A practical guide to the integration scheme that saved my simulation

Onur Deniz Akan · 2026

1. The 3 AM crash: why your contact simulation diverges

You've set up your model. Meshed the geometry, calibrated the materials, written the input file. You launch the analysis, go to sleep, and at 3 AM the solver quits: "Newton–Raphson failed to converge."

If you work in earthquake engineering, you've been there. The culprit is almost always the same: contact, softening, or both at once. The tangent stiffness matrix goes singular, the iterative solver chokes, and your 20-second earthquake record dies at second 8.

This post is about a scheme that fixes this. It's called IMPL-EX (IMPLicit-EXplicit), it was introduced by Oliver et al. (2008), and it deserves to be more widely known among earthquake engineers. Let me walk you through the math.

2. The Bad: implicit integration and Newton–Raphson

In the standard implicit approach, we solve a nonlinear system of equations at every load (or time) step. Given external forces \(\mathbf{f}_{\mathrm{ext}}\) and a displacement vector \(\mathbf{u}\), equilibrium demands:

\[\mathbf{R}(\mathbf{u}) \;=\; \mathbf{f}_{\mathrm{int}}(\mathbf{u}) - \mathbf{f}_{\mathrm{ext}} \;=\; \mathbf{0}\]

We solve this with Newton–Raphson iteration. At each iteration \(k\):

\[\mathbf{K}_T^{(k)} \, \Delta\mathbf{u}^{(k)} = -\mathbf{R}^{(k)} \qquad\text{where}\quad \mathbf{K}_T = \frac{\partial \mathbf{f}_{\mathrm{int}}}{\partial \mathbf{u}}\]

Update \(\mathbf{u}^{(k+1)} = \mathbf{u}^{(k)} + \Delta\mathbf{u}^{(k)}\), repeat until \(\|\mathbf{R}\| < \text{tol}\).

This works beautifully—as long as \(\mathbf{K}_T\) stays well-conditioned. But consider what happens at a contact interface: when two surfaces collide, the penalty stiffness jumps from zero to \(10^8\) in one step. Or in a softening material (masonry, concrete), the tangent goes negative. In either case, the condition number of \(\mathbf{K}_T\) collapses, and Newton–Raphson diverges.

The cruel irony: the implicit method gives up precisely at the moments that matter most in earthquake engineering—impact, cracking, crushing.

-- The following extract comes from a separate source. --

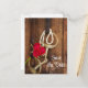 Meddela ditt kommande lantbruksföretag eller westerna stamtematuptialer med det charmerande Röd ros och Horse Bit-Landsbyggsbröllopet Spara datumvykortet. I denna anpassningsbar av den rustiska chicen i östra stil giftermål finns det på vykortet ett digitalt högkvalitativt fotografi av blommar av blommor från röd ros, pärlhalsband, hästbitor och läderhartser med en vävnad bakgrund av bruna lingor. Perfekt för ceremonin och mottagningen av avslappnaden party giftermål.

Why does the tangent go singular at contact? (expand)

Consider a penalty-based normal contact law: \(f_N = k_N \, g_N\) when \(g_N < 0\) (penetration), and \(f_N = 0\) when \(g_N \geq 0\) (gap open). The tangent \(\partial f_N / \partial g_N\) jumps discontinuously between \(k_N\) and \(0\) at the contact boundary. This discontinuity means the linearization used in Newton–Raphson is not valid in a neighborhood of the transition—the solver oscillates between open and closed states without converging.

Worse: if contact opens and closes repeatedly within a single step (chatter), the tangent matrix changes at every iteration, and the convergence radius shrinks to zero.

3. The Ugly: explicit integration

The alternative is explicit time integration (e.g., central differences). No system of equations to solve—just a forward march:

\[\mathbf{u}_{n+1} = 2\mathbf{u}_n - \mathbf{u}_{n-1} + \Delta t^2 \, \mathbf{M}^{-1} \left(\mathbf{f}_{\mathrm{ext},n} - \mathbf{f}_{\mathrm{int},n}\right)\]

No tangent matrix, no iterations, no convergence failures. So what's the problem?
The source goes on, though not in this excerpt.